"I don't mind the calling, Frank," she briskly replied, "and I don't much mind giving a little dinner, but I don't want to get the girl on my mind. She has so much to learn, and I haven't the time nor energy to teach her."
Congdon waved his finger. "Don't you grow pale over that," said he. "That girl's no fool—she's capable of development. She will amaze you yet."
"Well, consider it settled. I'll call this afternoon and ask her to dinner; but don't expect me to advise her and follow her up. Now, who'll we ask to meet her—the Cregos?"
"Yes, I'd thought of them."
"Oh, I know all about it. You needn't stammer. You and Allen are getting a good deal out of the Haneys, and want to be decent in return. Well, I think well of you for it, and I'll do my mite. I'll have young Fordyce in, and Alice; being Quakers and 'plain people,' they won't mind. Ben is crazy to see the rough side of Western life, anyway. Now run away, little boy, and leave the whole business to me."
As Crego had said, the Congdons were privileged characters in the Springs. They were at once haughty with the pride of esthetic cleverness, and humble with the sense of their unworthiness in the wide old-world of art. Lee was contemptuous of wealth when they had a pot of beans in the house, and Frank was imperiously truculent when borrowing ten dollars from a friend or demanding an advance of cash from a prospective patron. They both came of long lines of native American ancestry, and not only felt themselves as good as anybody, but a little better than most. They gave wit for champagne, art instruction for automobile rides, and never-failing good humor for house-room and the blazing fires of roomy hearths.
Mrs. Congdon, of direct Virginian ancestry, was named Lee by a state's-rights mother, who sent her abroad to "study art." She ended by pretending to be a sculptor—and she still did occasionally model a figurine of her friends or her friends' babies; mainly, she was the aider and abettor of her husband, a really clever portrait-painter, whose ill health had driven him from New York to Colorado, and who was making a precarious living in the Springs—precarious for the reason that on bright days he would rather play golf than handle a brush, and on dark days he couldn't see to paint (so he said).
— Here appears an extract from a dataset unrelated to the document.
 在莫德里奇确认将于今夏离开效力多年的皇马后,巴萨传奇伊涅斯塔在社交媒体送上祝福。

In truth, he was not well, and his slender store of strength did not permit him to do as he would. To cover the real seriousness of his case he loudly admitted his laziness and incompetency.
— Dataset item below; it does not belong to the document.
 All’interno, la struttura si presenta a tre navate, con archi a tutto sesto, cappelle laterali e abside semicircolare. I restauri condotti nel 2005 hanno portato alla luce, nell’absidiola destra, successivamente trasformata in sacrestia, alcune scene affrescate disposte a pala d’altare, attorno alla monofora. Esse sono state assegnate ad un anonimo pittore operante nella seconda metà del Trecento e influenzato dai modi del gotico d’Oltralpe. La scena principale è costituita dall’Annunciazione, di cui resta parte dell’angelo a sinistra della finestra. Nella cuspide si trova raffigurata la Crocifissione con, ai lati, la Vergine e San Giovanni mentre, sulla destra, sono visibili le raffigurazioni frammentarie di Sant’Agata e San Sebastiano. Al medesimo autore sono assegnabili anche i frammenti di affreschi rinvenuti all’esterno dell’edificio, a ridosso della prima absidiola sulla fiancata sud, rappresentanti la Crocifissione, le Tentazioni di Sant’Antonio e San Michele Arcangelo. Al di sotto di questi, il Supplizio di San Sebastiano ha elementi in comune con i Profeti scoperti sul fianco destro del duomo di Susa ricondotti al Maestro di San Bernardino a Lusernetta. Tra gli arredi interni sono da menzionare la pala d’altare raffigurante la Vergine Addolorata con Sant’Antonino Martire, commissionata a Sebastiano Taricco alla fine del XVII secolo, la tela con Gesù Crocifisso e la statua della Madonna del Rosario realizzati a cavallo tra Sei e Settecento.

Lee was a devoted wife, and when she realized that his interest in the Haneys was deep and genuine her slight opposition gave way. It meant a couple of thousand dollars to Frank, but money was the least of their troubles—credit seemed to come along when they needed it most, and each of them had become "trustful to the point of idiocy," Mrs. Crego was accustomed to say. Mrs. Crego really took charge of their affairs, and when they needed food helped them to it.
Starting for the Haneys on the street-car that very afternoon, Lee reached the gate just as Bertie was helping Mart into his carriage. There was something so genuine and so touching in this picture of the slender young wife supporting her big and crippled husband that Mrs. Congdon's nerves thrilled and her face softened. Plainly this consideration on the part of Mrs. Haney was habitual and ungrudging.
Bertie, as she faced her caller, saw only a pale little woman with flashing eyes and smiling mouth, whose dress was as neat as a man's and almost as plain (Lee prided herself on not being "artistic" in dress), and so waited for further information.